TASK INPUTS
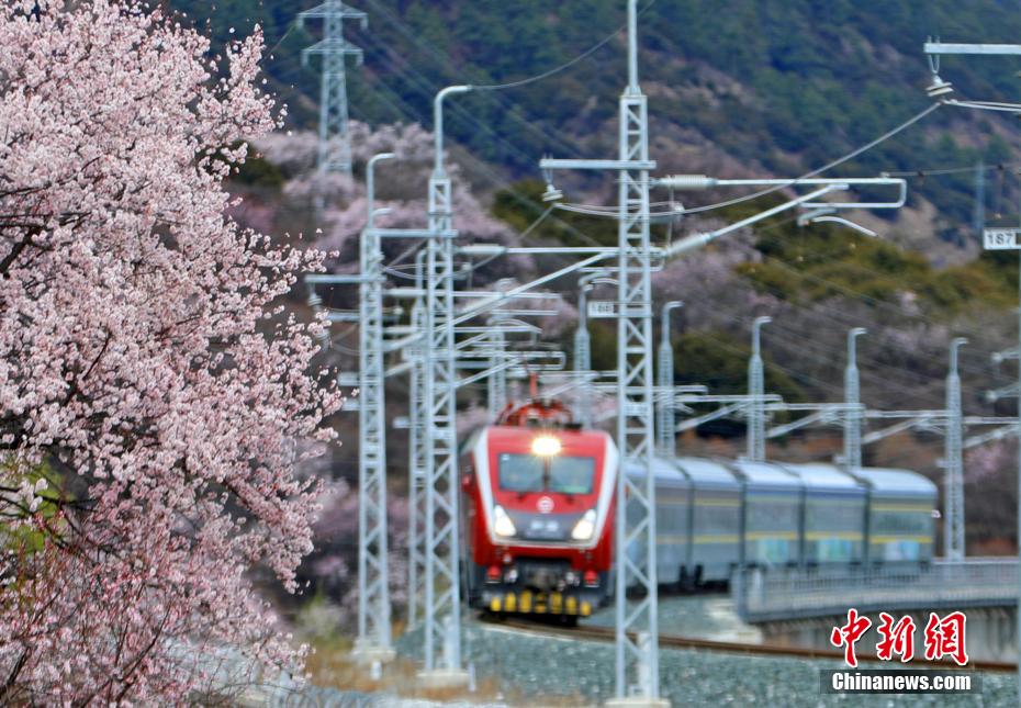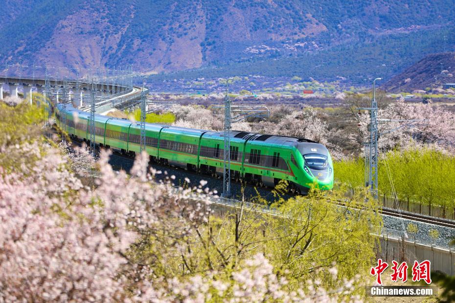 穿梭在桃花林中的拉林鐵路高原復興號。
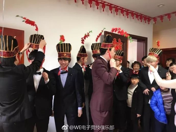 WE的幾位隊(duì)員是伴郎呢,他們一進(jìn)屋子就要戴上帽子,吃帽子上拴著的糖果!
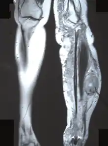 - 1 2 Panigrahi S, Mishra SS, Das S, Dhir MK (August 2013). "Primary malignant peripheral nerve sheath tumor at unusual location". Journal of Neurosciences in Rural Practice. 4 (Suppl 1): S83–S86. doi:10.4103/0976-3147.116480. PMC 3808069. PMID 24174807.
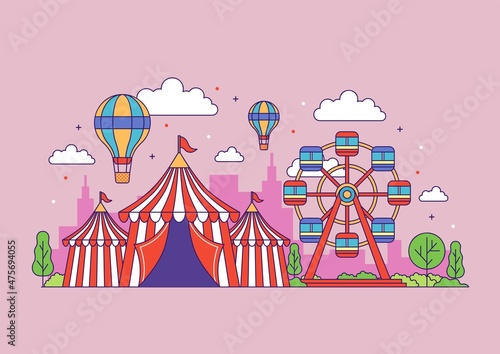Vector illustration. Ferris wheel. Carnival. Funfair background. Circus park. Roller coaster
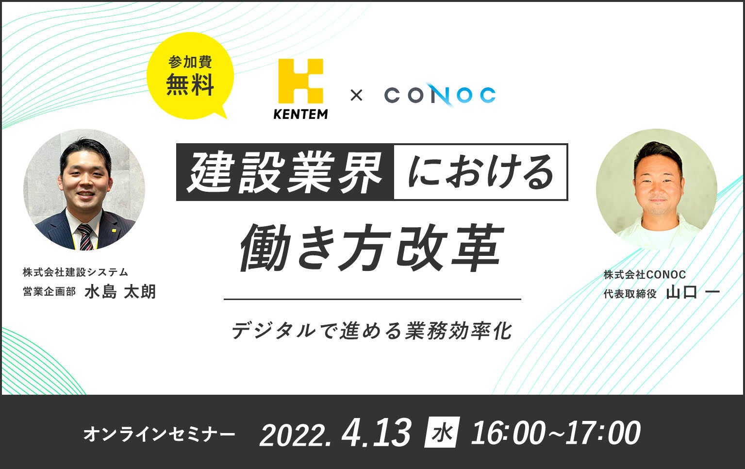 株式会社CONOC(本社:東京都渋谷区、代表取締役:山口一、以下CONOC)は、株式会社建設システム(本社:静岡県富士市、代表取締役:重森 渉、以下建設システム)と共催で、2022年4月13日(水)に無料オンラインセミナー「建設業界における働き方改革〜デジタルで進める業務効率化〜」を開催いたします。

--

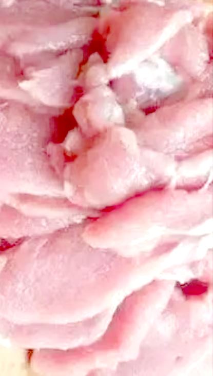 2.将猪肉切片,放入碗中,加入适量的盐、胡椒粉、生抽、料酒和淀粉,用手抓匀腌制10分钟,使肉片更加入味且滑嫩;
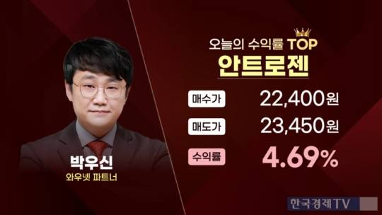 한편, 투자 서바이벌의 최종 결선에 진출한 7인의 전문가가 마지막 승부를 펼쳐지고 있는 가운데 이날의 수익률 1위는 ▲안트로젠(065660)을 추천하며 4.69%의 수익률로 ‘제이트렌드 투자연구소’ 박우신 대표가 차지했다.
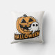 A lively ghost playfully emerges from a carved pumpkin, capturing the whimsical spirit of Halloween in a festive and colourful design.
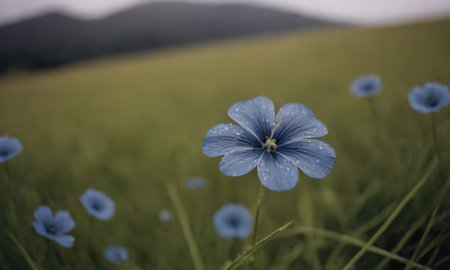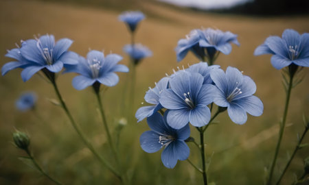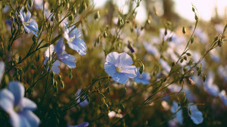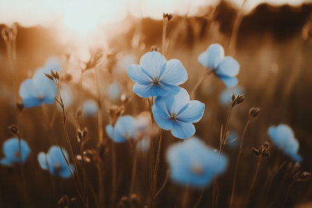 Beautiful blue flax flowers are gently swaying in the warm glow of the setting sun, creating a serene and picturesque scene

WHAT IS BEING ASKED
Please output, exactly as written, the lines above from the one holding "A lively ghost" through the one holding "Beautiful blue flax", both included, with the pictures omitted.

RESULT FOR THIS TASK
 A lively ghost playfully emerges from a carved pumpkin, capturing the whimsical spirit of Halloween in a festive and colourful design.
 Beautiful blue flax flowers are gently swaying in the warm glow of the setting sun, creating a serene and picturesque scene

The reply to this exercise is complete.